> _Source records_

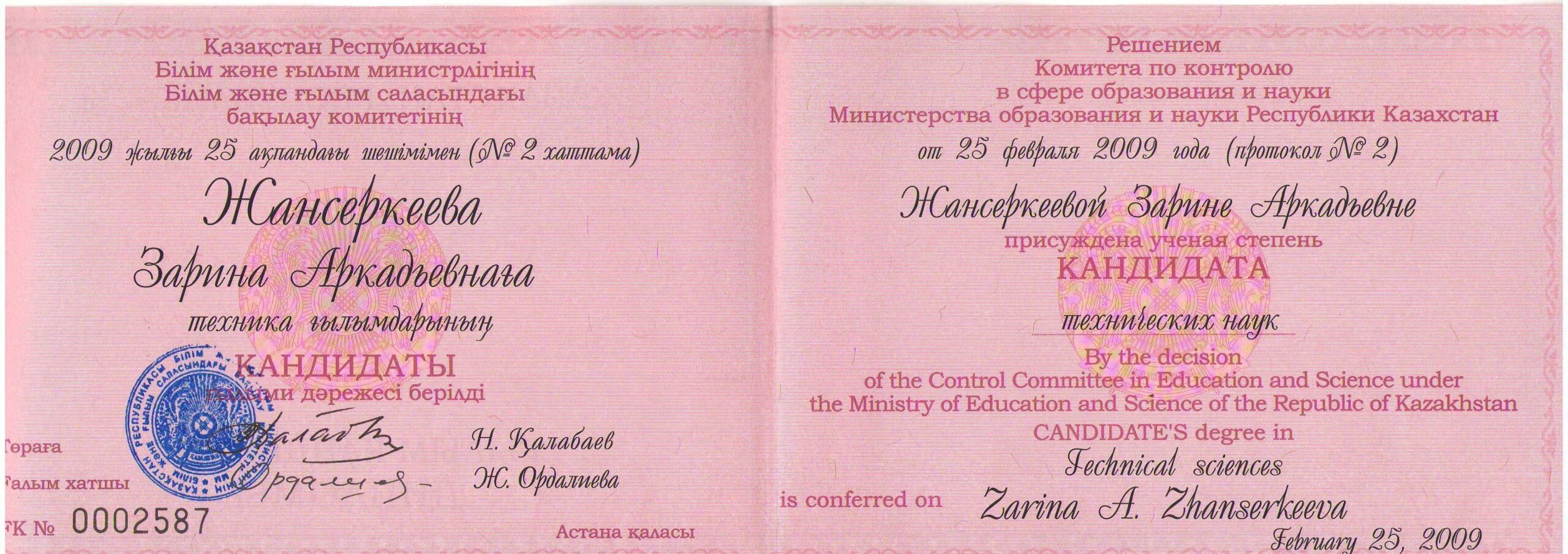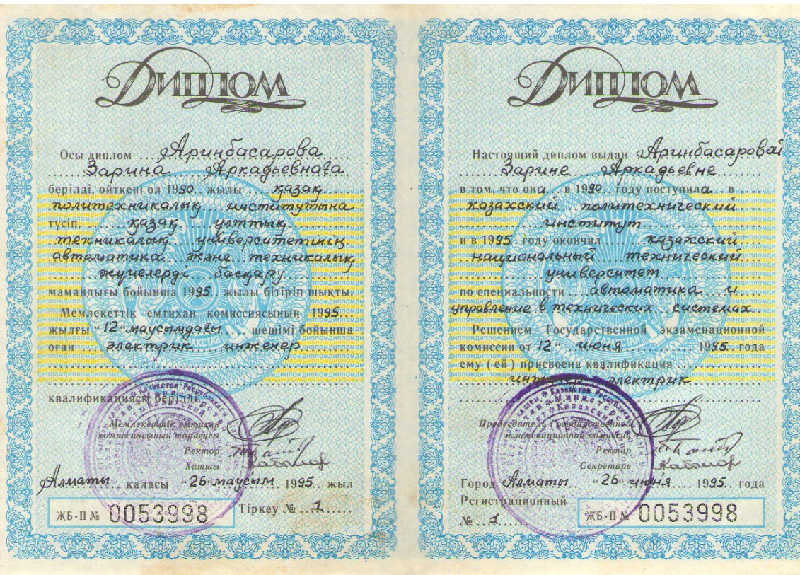 КазНТУ им Сатпаева, "Автоматика и управление в технических системах", 1995 г
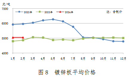 2月份,鍍鋅板產量211萬噸,同比增加18萬噸,上升9.4%;銷售206萬噸,其中出口18萬噸,產銷率97.6%;售價5553元/噸,比上月下跌6元/噸。累計產量437萬噸,同比增加31萬噸,上升7.7%。鍍鋅板平均價格見圖8。
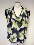 WHISTLES BLUE,IVORY & GREEN PRINT SLEEVELESS 100% SILK TOP SIZE 8
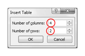 Pojavi se novo okno. Tam kjer piše Number of columns (število stolpcev) določite število 4, tam pa kjer piše Number of rows (število vrstic) 2, kot je prikazano na levi sliki.
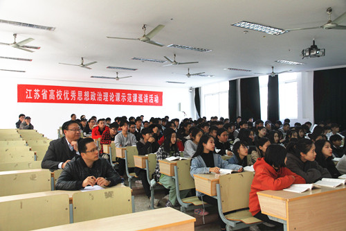11月19日下午,江苏高校优秀思政课示范课巡讲活动专家成员,南京铁道职业技术学院马克思主义学院院长杨晓慧走进我院,为我院学生上了一堂生动的教学示范课。院党委书记江国华,教务处处长王俊、基础教育系主任杨卫东、副主任任志远及部分思政教研部老师到场观摩了示范课。
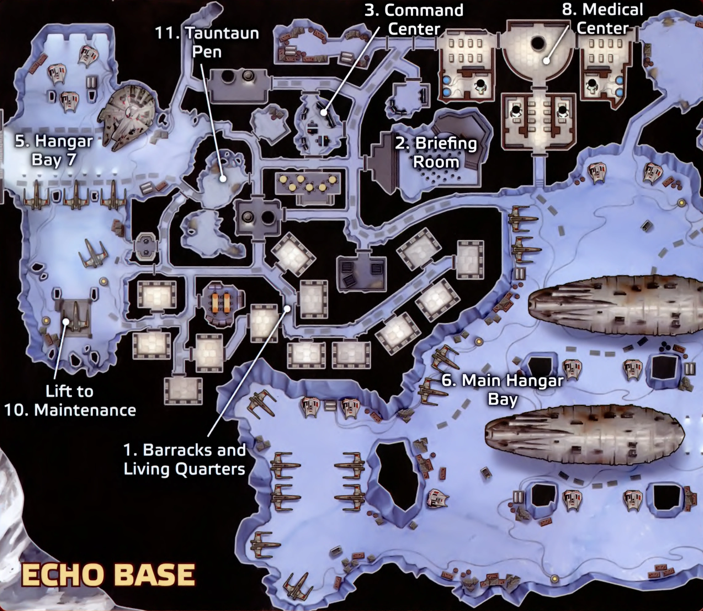 - 에코기지 3-T-8 : 기지 밖 멀리 위치한 경계근무소. 약간의 보병, 참호, DF.9 대보병 포대와 1.4 FD P-타워가 몇 배치되었다. 호스 전투에서 최초로 AT-AT를 발견하고 보고 후 교전한 곳으로, 금방 털려서 후퇴한다.
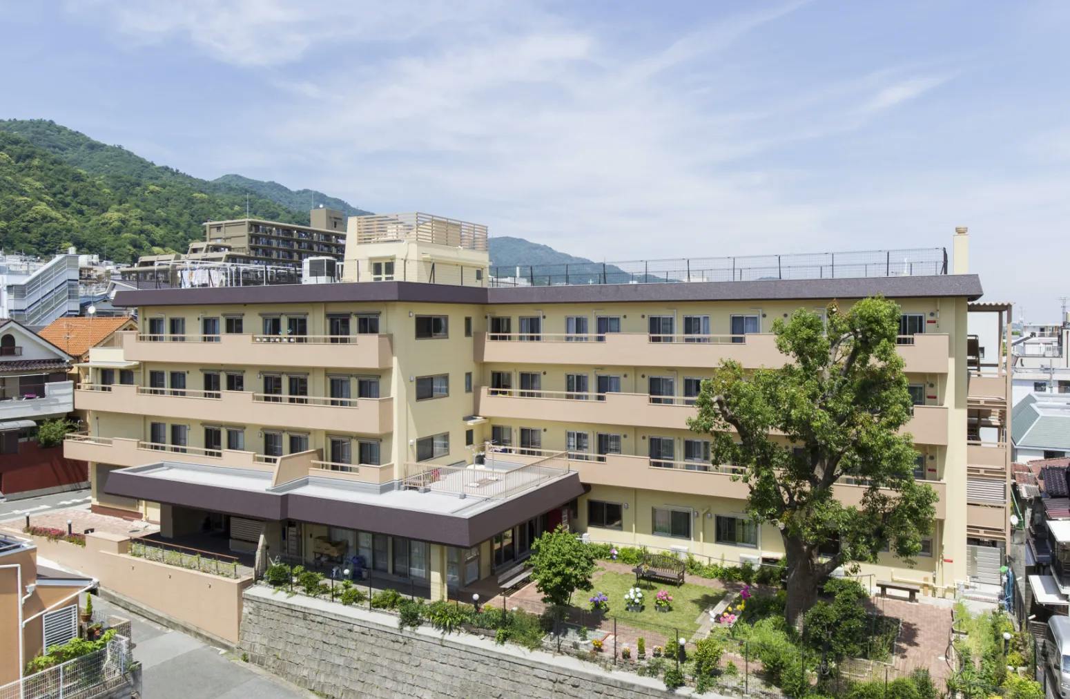 鉄筋造り地上4階・地下1階建ての建物で、クスノキが立つ広々とした中庭や神戸の街と海が一望できる屋上広場など、シニアライフを楽しめる充実した設備が整ったホームです。
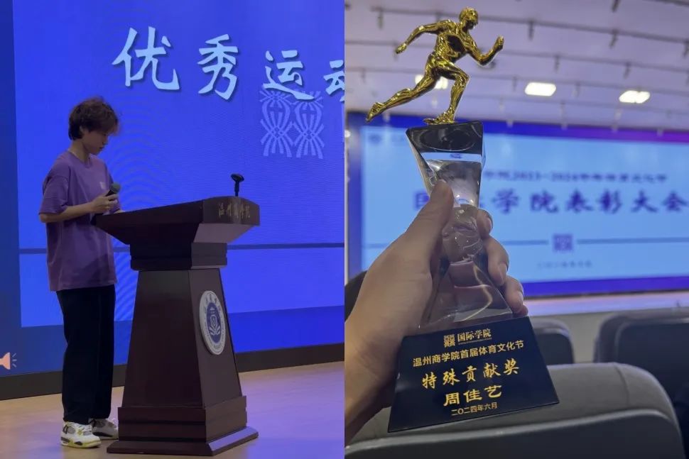 周佳艺,来自国际学院 22 商务英语专 3 班。高考折戟并未打消她的斗志,怀揣初心,她毅然投身校短跑队,自此开启逐梦之旅。两年间,一周六练的高强度训练成为日常,跑道见证着她的蜕变。赛场上,她是当之无愧的焦点,校运会舞台上霸气包揽并蝉联女子 100 米、200 米、4×100 米和 4×200 米冠军,校记录在她脚下一次次刷新;省赛征程里,同样战绩斐然,第八届大学生田径锦标赛甲组女子 100 米季军殊荣加身,还一举斩获浙江省 “优秀运动员” 称号。可这一路,伤病如影随形,瓶颈期仿若荆棘满布,她却始终笃定:“在竞技体育中,伤病是不可避免的,唯有在瓶颈期坚信自己,超越自己,才可以从困难中走出来。一个人在走向成功的道路上,任何风对于他来说都是顺风。” 正是这般信念,支撑她一次次逆风飞扬。
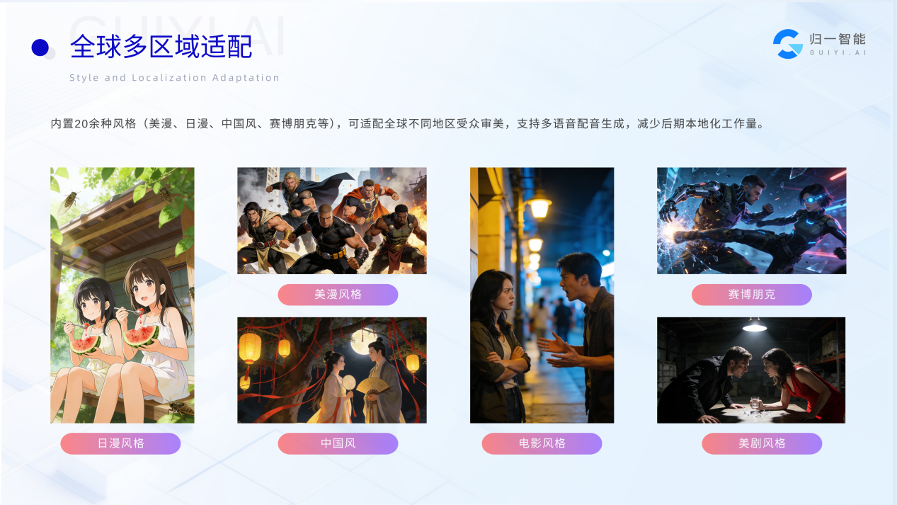 為滿足漫劇出海的全球化內容創(chuàng)作需求,歸一智能在「AI漫劇超級產線」中內置了 20 余種主流漫畫美術風格,涵蓋美漫、日漫、國風、賽博朋克、寫實、Q版等多種視覺體系,可針對不同地區(qū)、不同受眾的審美偏好進行精準適配,幫助創(chuàng)作者快速打造符合海外市場需求的AI漫劇內容。

> _How to complete this task_
Your reply is to be an exact repeat of the listing above from the line holding "WHISTLES BLUE,IVORY &" down to the line holding "Pojavi se novo", ends included, pictures excluded.

> _Answer area_
 WHISTLES BLUE,IVORY & GREEN PRINT SLEEVELESS 100% SILK TOP SIZE 8
 Pojavi se novo okno. Tam kjer piše Number of columns (število stolpcev) določite število 4, tam pa kjer piše Number of rows (število vrstic) 2, kot je prikazano na levi sliki.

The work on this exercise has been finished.